Prompt » Stop after the line with "Mini burger bun". Up to that point, output every line of the listing below exactly from the first one onward, skipping pictures.

Data excerpt »
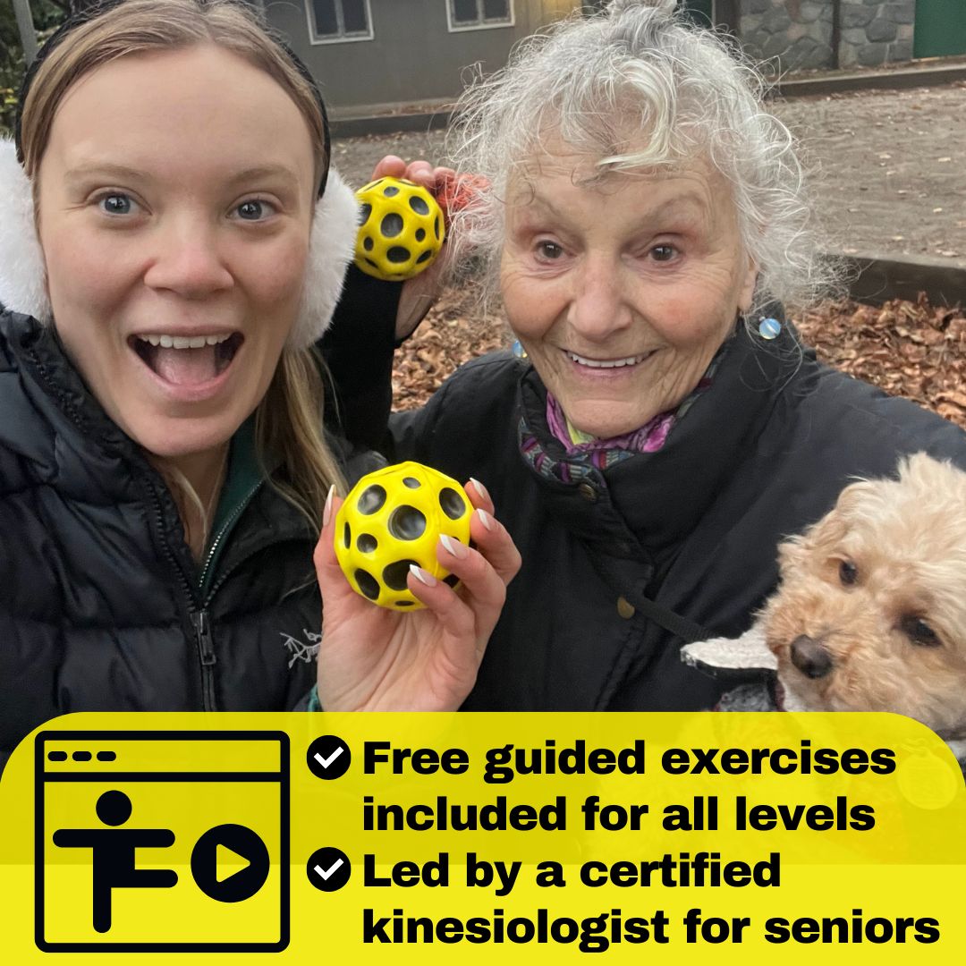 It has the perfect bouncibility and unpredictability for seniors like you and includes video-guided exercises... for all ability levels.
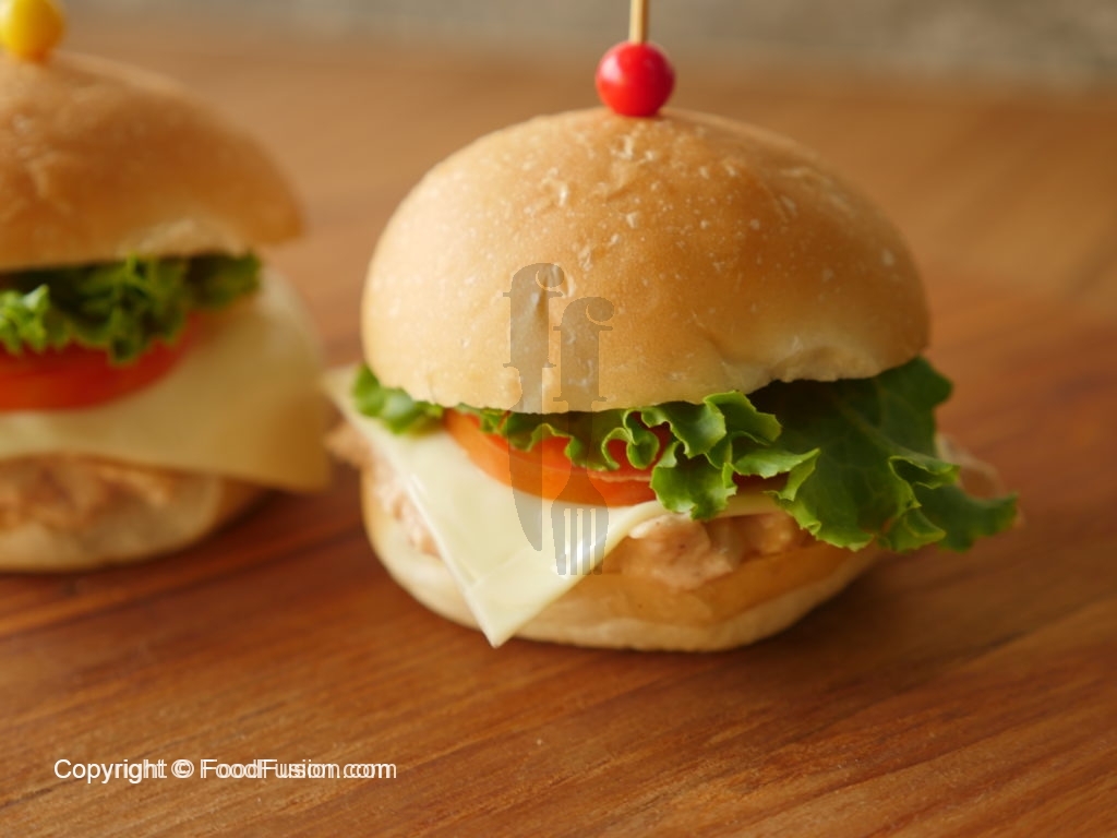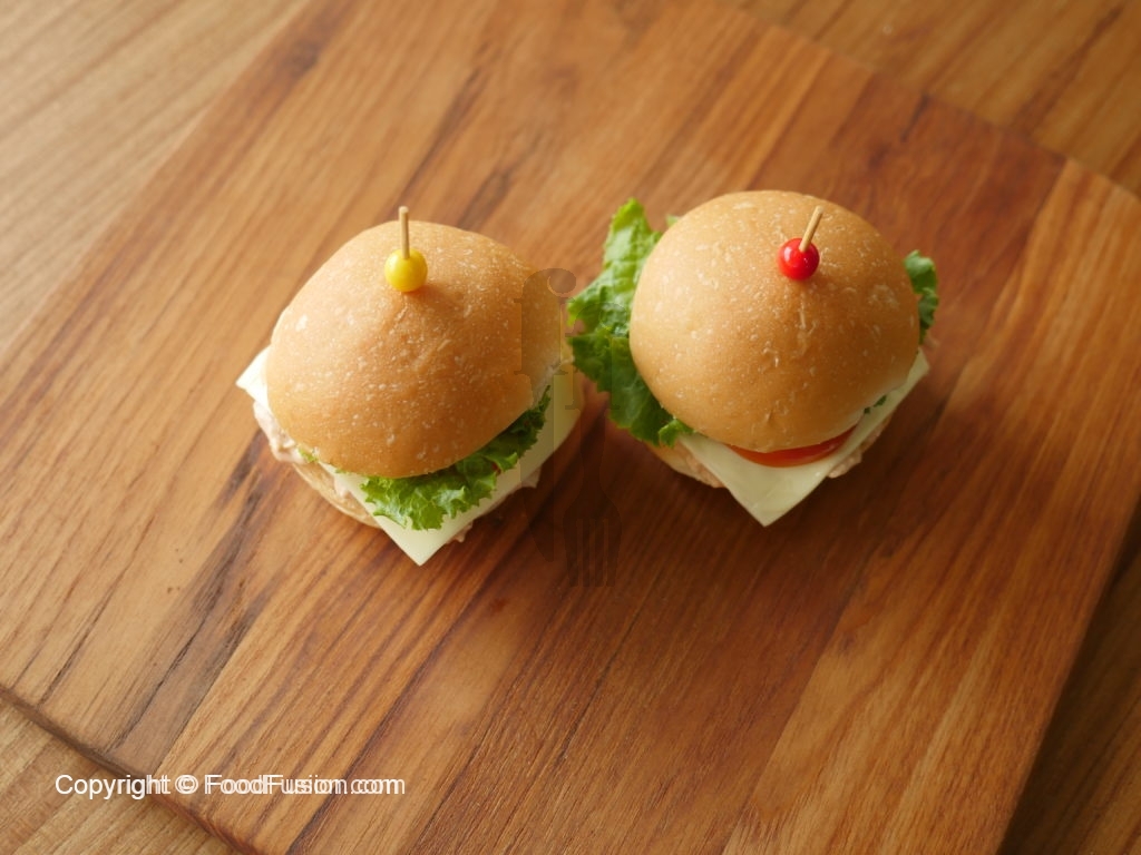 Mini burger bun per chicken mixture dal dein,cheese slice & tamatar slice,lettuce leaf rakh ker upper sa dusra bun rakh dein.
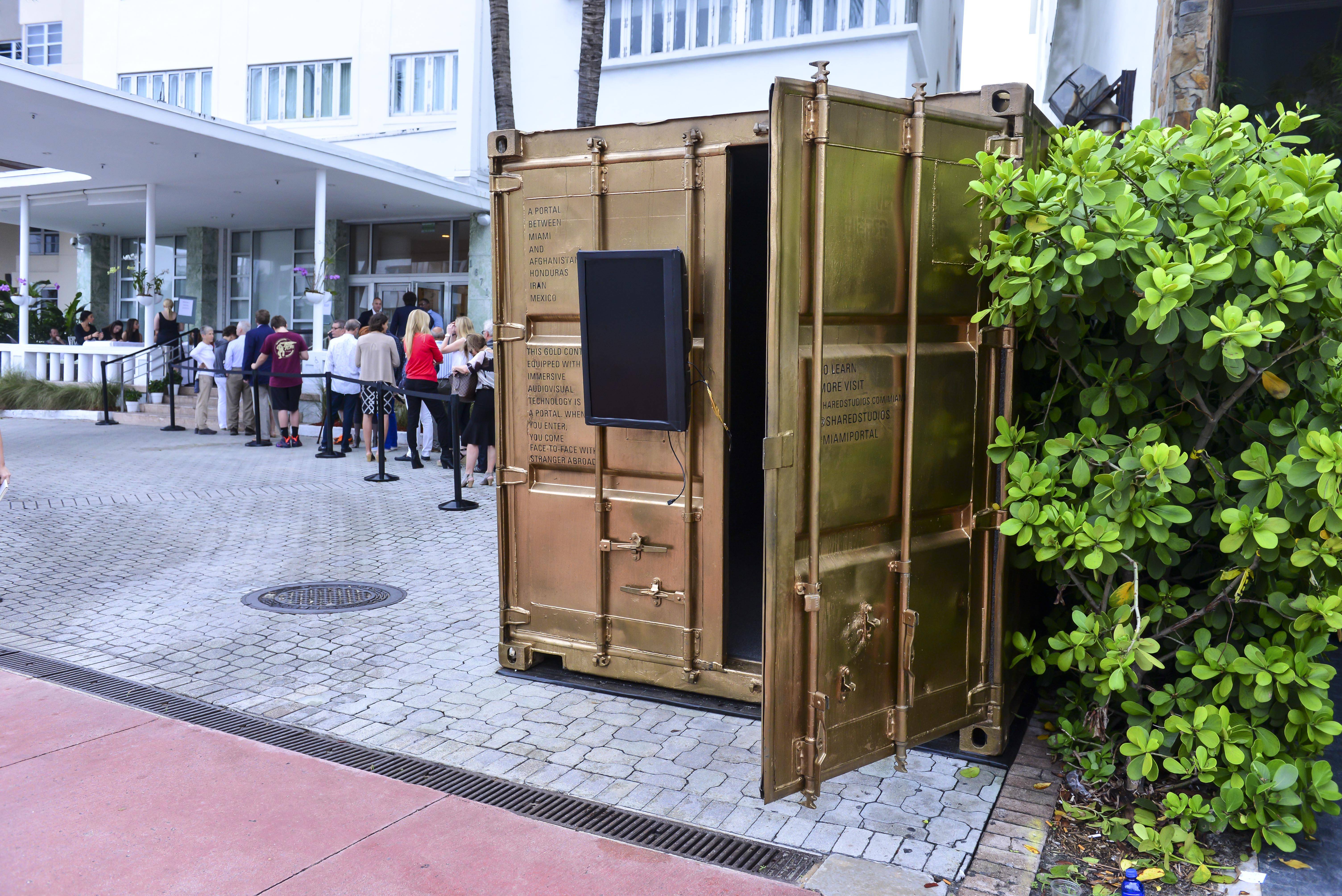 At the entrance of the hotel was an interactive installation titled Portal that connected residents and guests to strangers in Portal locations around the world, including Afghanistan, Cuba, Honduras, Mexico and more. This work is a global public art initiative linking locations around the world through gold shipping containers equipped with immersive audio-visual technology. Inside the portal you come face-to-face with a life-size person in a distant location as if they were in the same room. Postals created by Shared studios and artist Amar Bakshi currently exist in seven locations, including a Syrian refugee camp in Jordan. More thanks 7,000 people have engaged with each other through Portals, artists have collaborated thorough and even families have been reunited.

Exercise answer »
 It has the perfect bouncibility and unpredictability for seniors like you and includes video-guided exercises... for all ability levels.
 Mini burger bun per chicken mixture dal dein,cheese slice & tamatar slice,lettuce leaf rakh ker upper sa dusra bun rakh dein.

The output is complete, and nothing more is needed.